Go through the lines below and repeat each one exactly, skipping pictures.

--- COLLECTED DATA Enclosed Below ---

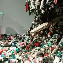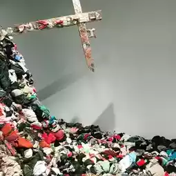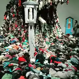 • The exhibition's new installation, "Doomsday," forms a giant wave made of over three tons of clothing, with a small chapel and sculptures installed within. The artist states, "The giant wave suggests the destruction caused by mass consumption and the unstoppable nature of capitalist society itself." The small chapel can also be interpreted as a symbol of powerlessness and, at times, the remaining hope of salvation.
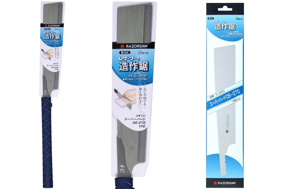 A TPE grip that uses elastomer resin for the entire grip and does not slip anywhere. They are 0.6mm thick wood working saw. Blades are thick and easy to handle. Used for cutting Laminated wood, General timber, Composite wood panel, MDF panel, Particle board (OSB), and Ply wood.
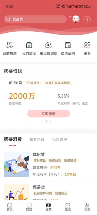 提供各类贷款申请入口,支持额度查询与灵活还款

--- End of Enclosed COLLECTED DATA ---

— OUTPUT —
 • The exhibition's new installation, "Doomsday," forms a giant wave made of over three tons of clothing, with a small chapel and sculptures installed within. The artist states, "The giant wave suggests the destruction caused by mass consumption and the unstoppable nature of capitalist society itself." The small chapel can also be interpreted as a symbol of powerlessness and, at times, the remaining hope of salvation.
 A TPE grip that uses elastomer resin for the entire grip and does not slip anywhere. They are 0.6mm thick wood working saw. Blades are thick and easy to handle. Used for cutting Laminated wood, General timber, Composite wood panel, MDF panel, Particle board (OSB), and Ply wood.
 提供各类贷款申请入口,支持额度查询与灵活还款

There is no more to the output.